We are therefore satisfied with the resilience of the portfolio and the training that the team has been able to carry out. But I’m still – I would like to point out that we’re not there yet, but as far as these operators go, I think we’re in pretty good shape…
There are a few struggling small operators that we have had discussions with. There are no full-size carriers we are having issues with from a payment perspective. So it’s hard to predict the future, as we said there are still challenges and a number of things on the horizon including the return of occupation, labor costs work, all the things that we discussed that are still challenges for our industry and we kind of have to navigate the next few quarters. But to predict what percentage it is would be to throw darts.
Key takeaway for investors
With its sky-high dividend yield and implied capitalization rate, OHI is clearly trading at an attractive value. With a well-diversified portfolio and a proven management team that has delivered exceptional long-term total returns and shareholder dividend growth, OHI looks like a slam dunk buy here.

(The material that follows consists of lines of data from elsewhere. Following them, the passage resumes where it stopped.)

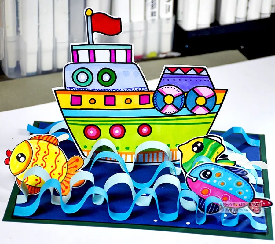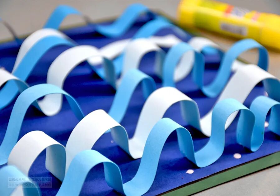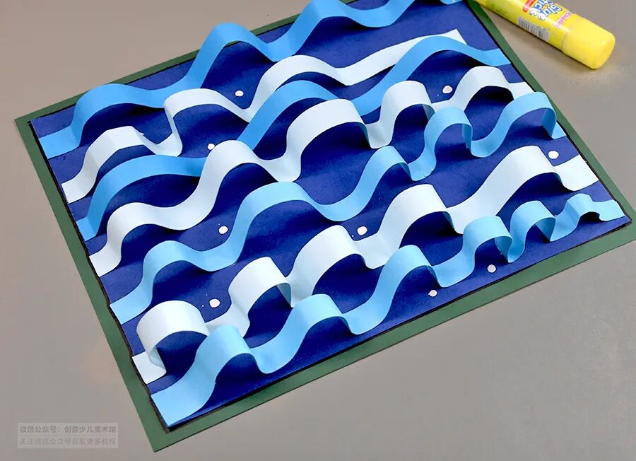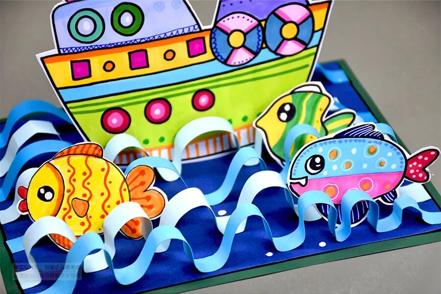 2.用剪纸的方式表现海浪起伏的线条感,并展开丰富的想象描绘出不同种类的鱼儿,巧妙地塑造出一幅半立体创作。
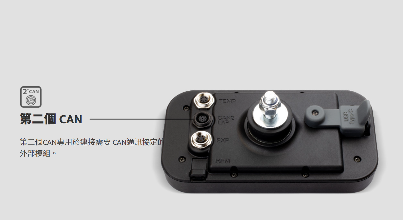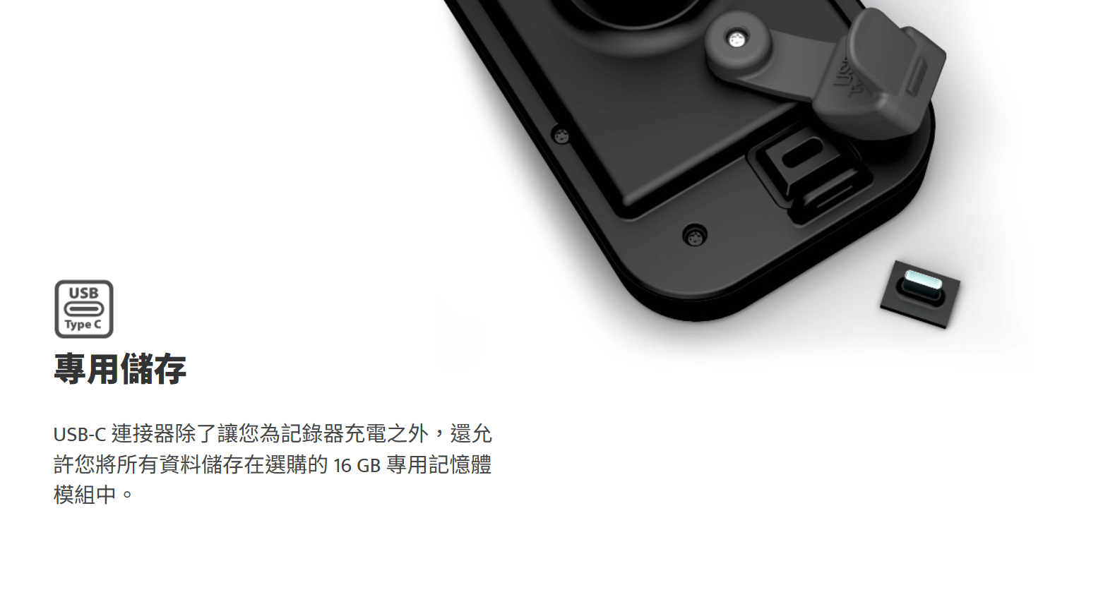 USB-C 連接器除了讓您為記錄器充電之外,還允許您將所有資料儲存在選購的 16 GB 專用記憶體模組中。
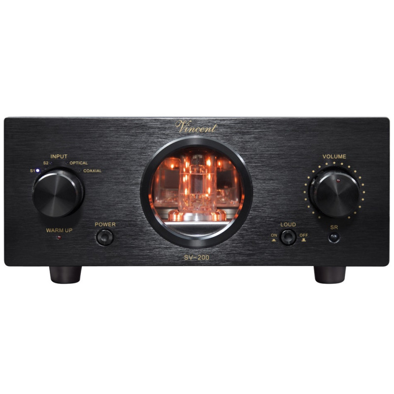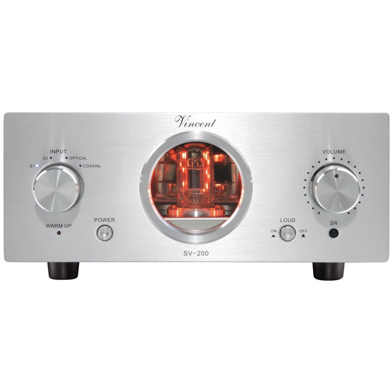 Vincent SV200 amplificador de potencia 25 Watios RMS con salida a válvulas ->híbrido. Entradas analógicas y digitales gracias al DAC que incorpora. Digital óptica y Digital Coaxial.
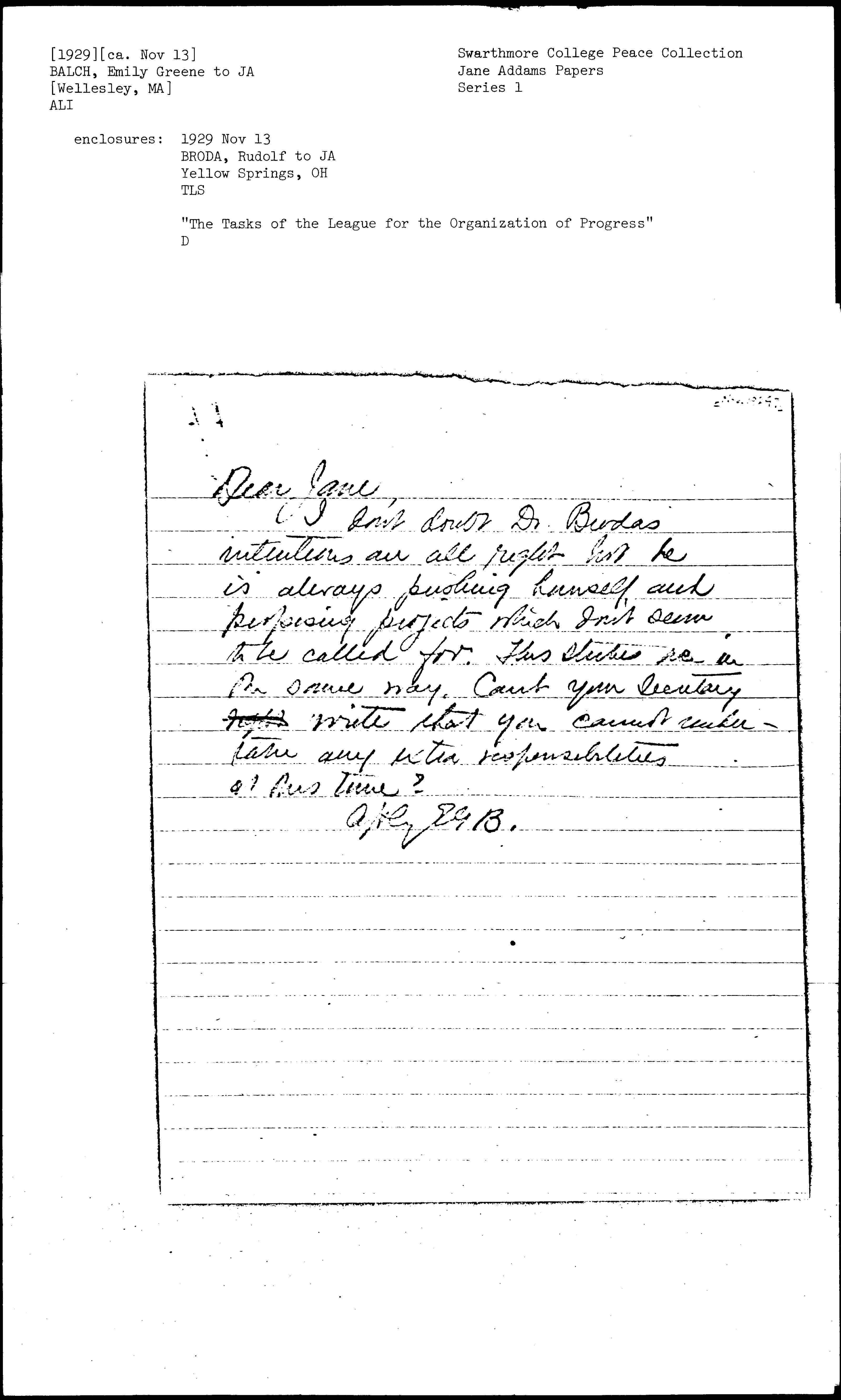 Emily Greene Balch to Jane Addams, ca. November, 13, 1929
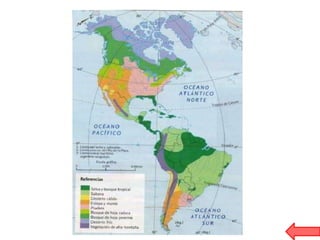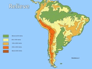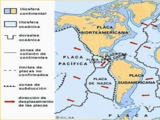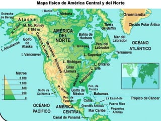 El documento habla sobre diversos temas relacionados con la geografía de América. Menciona las placas tectónicas y cómo causan terremotos y volcanes. También describe varias regiones naturales del continente como los Andes, las llanuras y las cuencas hidrográficas incluyendo los ríos Amazonas y Río de la Plata. Finalmente, presenta información sobre el acuífero Guarani y su importancia para los países de la región.
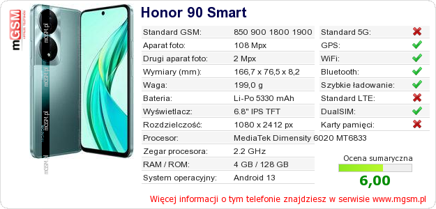 Dane telefonu Honor 90 Smart na Twojej stronie
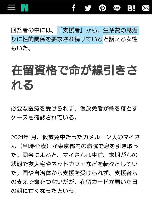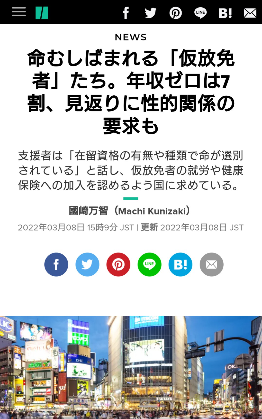 ソース元命むしばまれる「仮放免者」たち。年収ゼロは7割、見返りに性的関係の要求もhttps://www.huffingtonpost.jp/entry/story_jp_620250c4e4b0b69cfe94424d転載元スレッド:http://hayabusa3.2ch.sc/test/read.cgi/news/1646954220/
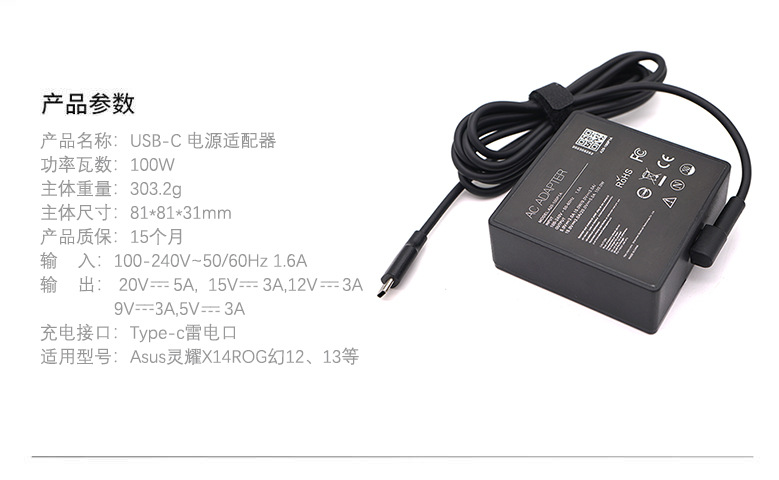 Pengisi daya drone PD100W 20V 5A cocok untuk catu daya notebook ASUS Apple Lenovo Dell HP
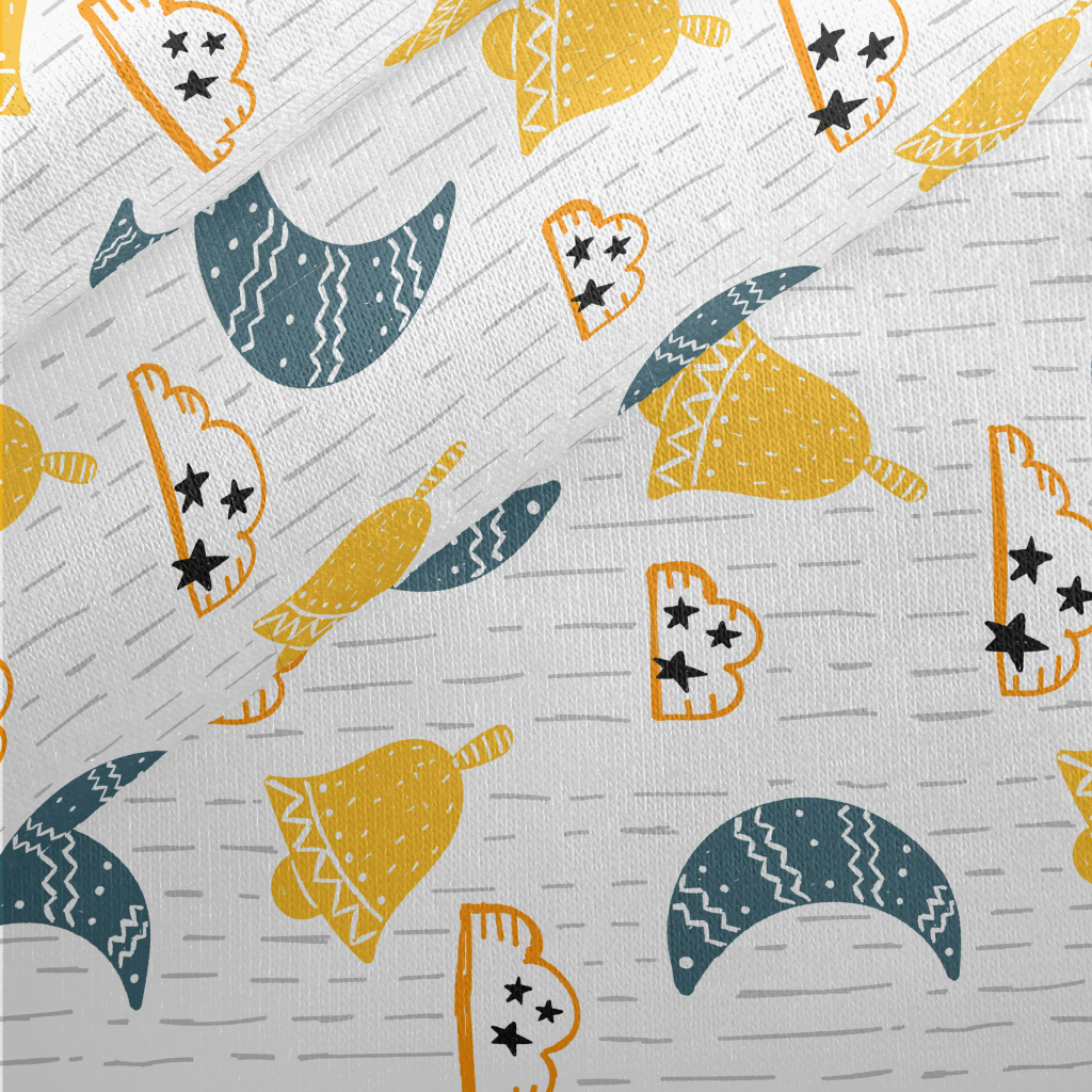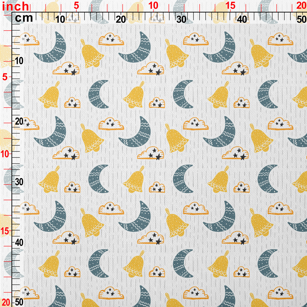 卡通塗鴉彎月雲朵刷毛布(幅寬150公分)
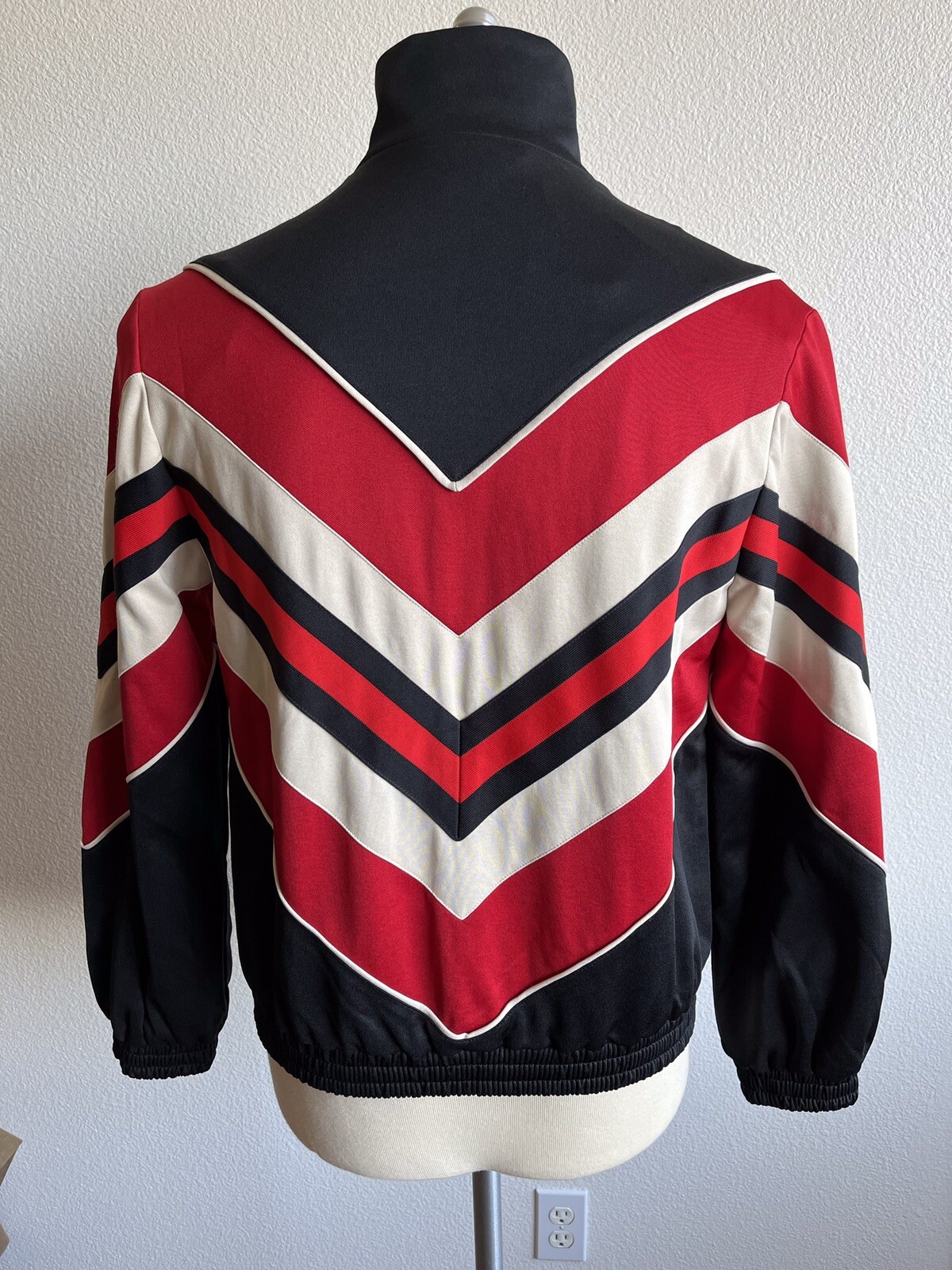 как выглядит GUCCI Men Cotton-Blend Chevron Black Red Pattern Bomber Zipper Front Jackets S фото
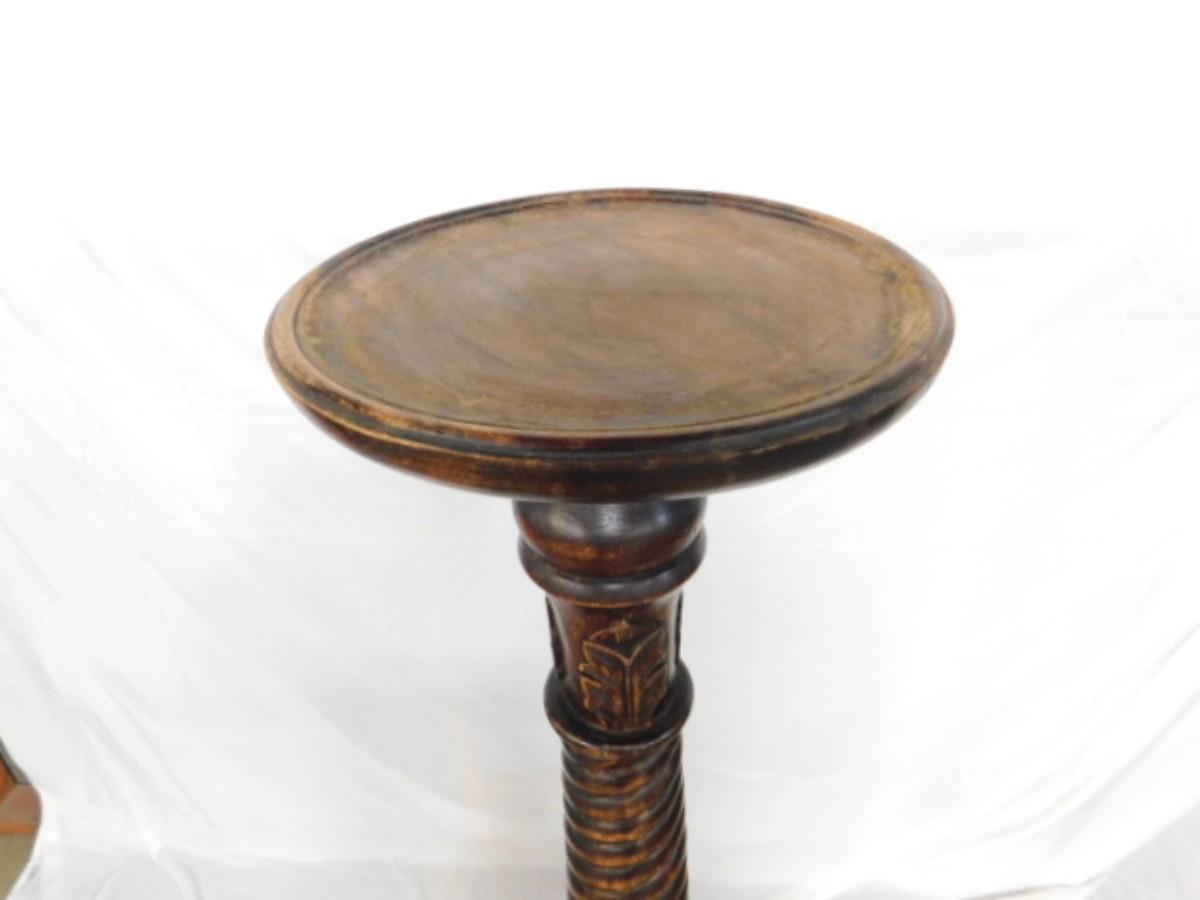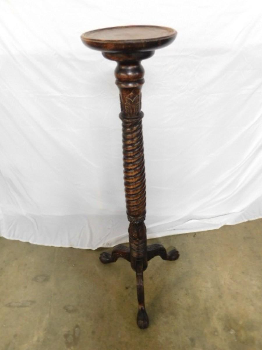 Wood Finish Tall Spiral Post Candle or Plant Stand
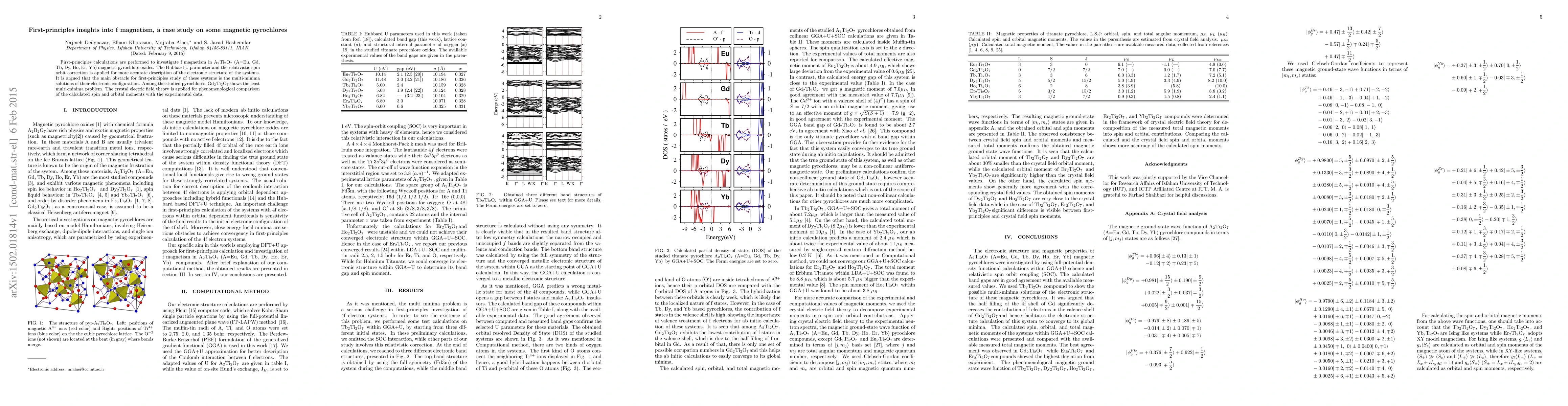 This paper uses first-principles calculations to explore f magnetism in various magnetic pyrochlore oxides, focusing on the role of the Hubbard U parameter and relativistic spin-orbit correction. Gd$_2$Ti$_2$O$_7$ is found to have the least multi-minima problem, and the crystal electric field theory is used to compare calculated spin and orbital moments with experimental data.
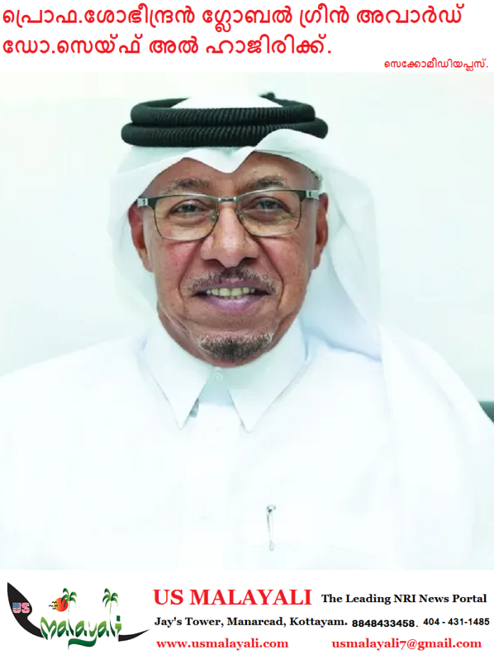 ദോഹ: പ്രകൃതിയുടെ ഉപാസകനും പരിസ്ഥിതി ദൗത്യങ്ങളുടെ മുന്നിര നായകനുമായിരുന്ന പ്രൊഫ.ശോഭീന്ദ്രന് മാഷിന്റെ ആദര സ്മരണകളുമായി, മൈന്റ്ട്യൂണ് ഇക്കോവേവ്സ് ഗ്ലോബല് എന്.ജി.ഒ സൊസൈറ്റി ഏര്പ്പെടുത്തുന്ന പ്രഥമ ‘പ്രൊഫ.ശോഭീന്ദ്രന് ഗ്ലോബല് ഗ്രീന് അവാര്ഡ്’ ഖത്തറിന്റെ പരിസ്ഥിതി മുഖമായ ഡോ.സെയ്ഫ് അല് ഹാജിരിയ്ക്ക്.
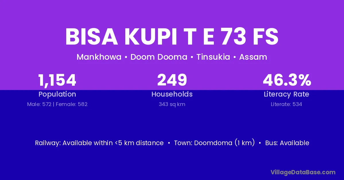Bisa Kupi T E 73 Fs village is located in the Doom Dooma Subdivision of the Tinsukia district in Assam .
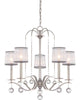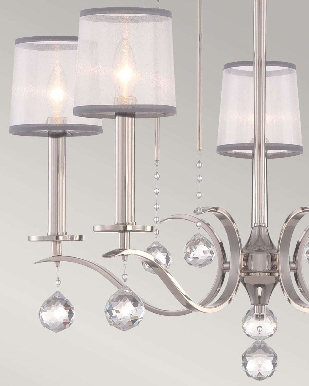 The Imperial Silver Crystal Chandelier is a statement piece that draws on a traditional shape with a stylised design. The Imperial Silver finish bounces the light and highlights the downward curving arms with hanging crystal accents in a beautiful way. A sophisticated yet dramatic appearance. This piece is available with five lights and is sure to add character above your kitchen island, dining table or as a feature in your foyer.
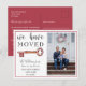 Deixe seus amigos e familiares saberem seu novo endereço com este cartão postal de anúncio de mudança rústico. Este modelo apresenta uma foto da família para você personalizar e uma chave vermelha vintage com brilhos dourados. Texto totalmente personalizável, muito simples de editar com seus detalhes pessoais.

That said, its dividend coverage ratio is extremely thin at the moment due to low occupancy rates and operator solvency issues. If management manages to navigate next year without having to cut its dividend, it should be in decent shape as occupancy rates rebound due to a continued decline in headwinds from COVID-19 and demographic trends. increasingly favorable.
Given its over $1 billion cash position, well-laddered debt maturity profile, recession-proof business model, lack of significant interest rate exposure floaters, little to no lease expiries for several years and additional cash from its asset sales, OHI looks as if it has more than a 50% chance of getting to the other side of the current headwinds without having to reduce its dividend.
That said, it’s far from a SWAN “sleep well at night” investment here. Investors looking for a conservative income play should look elsewhere, while more aggressive investors who are willing to hold on to declining dividends for the recovery on the other side should find considerable value here. We rate the shares as a highly speculative buy.